Abstract

Objective. Classification diagnosis was performed for cystic pancreatic lesions using ultrasound (US) and contrast-enhanced ultrasound (CEUS) to explore the diagnostic value of CEUS by comparison with enhanced CT. Methods. Sixty-four cases with cystic pancreatic lesions were included in this study. The cystic lesions of pancreas were classified into four types by US, CEUS, and CT: type I unilocular cysts; type II microcystic lesions; type III macrocystic lesions; and type IV cystic lesions with solid components or irregular thickening of the cystic wall or septa. Results. Eighteen type I, 7 type II, 10 type III, and 29 type IV cases were diagnosed by CT. The classification results by US were as follows: 6 type I; 5 type II; 4 type III; and 49 type IV cases. Compared with the results by enhanced CT, the kappa value was 0.36. Using CEUS, 15, 6, 12, and 31 cases were diagnosed as types I–IV, respectively. The kappa value was 0.77. Conclusion. CEUS has obvious superiority over US in the classification diagnostic accuracy in cystic pancreatic lesions and CEUS results showed substantial agreement with enhanced CT. CEUS could contribute to the differential diagnosis of cystic pancreatic diseases.

1. Introduction

With the development and extensive application of imaging techniques, the rate of detecting cystic pancreatic lesions is increasing. These cystic lesions may be epithelium-derived tumors or formed from the necrosis and cystic degeneration of solid tumors. The clinical treatment schemes and prognosis vary for different cystic lesions. Therefore, imaging diagnosis has significant clinical value. Currently, CT and MRI are still the major tools used in the differential diagnosis and follow-up of cystic pancreatic lesions.

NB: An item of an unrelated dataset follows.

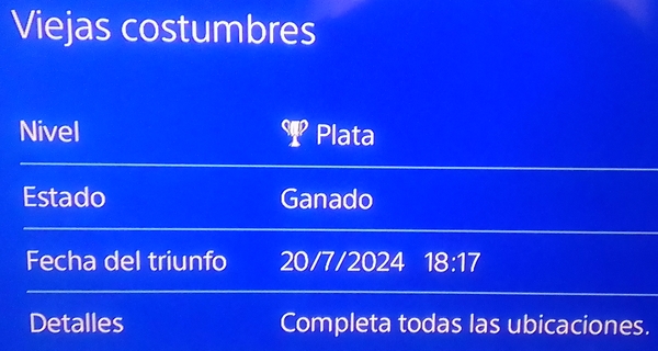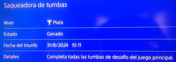 Y luego invertí alrededor de 1 hora y media en completar los trofeos que me faltaban (el de quemar a 30 enemigos con flechas de fuego y vasijas de aceite me dio bastante la lata), para obtener el

In recent years, contrast-enhanced ultrasound (CEUS) has been increasingly used in the evaluation of pancreatic lesions. A study [1] has shown that the diagnostic accuracy of CEUS is comparable to that of MRI in the detection of septa and mural nodules in cystic pancreatic lesions. The correlation between CEUS findings and pathologic results was significantly stronger than between the sonographic and pathologic results. Previous studies involving CEUS in cystic pancreatic lesions have most often focused on the display of the components and nodules in cystic lesions as well as the enhancement features [24]. However, the different types of cystic pancreatic lesions cannot be easily differentiated due to the similar morphologic features. There are no simple and uniform diagnostic standards for CEUS. According to previous literature [5], an imaging classification system for cystic pancreatic lesions has been proposed and various types corresponding to different diseases had certain regularity. The classification on the basis of their imaging morphologic features is simple and easy to grasp and carry out. Further, such classification of cystic pancreatic lesions is helpful in characterizing lesions, narrowing the differential diagnosis [5]. In current study, the classification criterion was applied in US and CEUS for the first time. The application value of CEUS compared to US in the classification diagnosis of cystic pancreatic lesions is discussed.

2. Materials and Methods

2.1. Patients

Sixty-four patients with cystic pancreatic lesions who underwent CEUS and CECT examinations in our hospital between January 2007 and July 2013 were included. These patients were confirmed by surgery, biopsy, or comprehensive clinical diagnosis. Among the 64 patients, 23 underwent enhanced MRI simultaneously.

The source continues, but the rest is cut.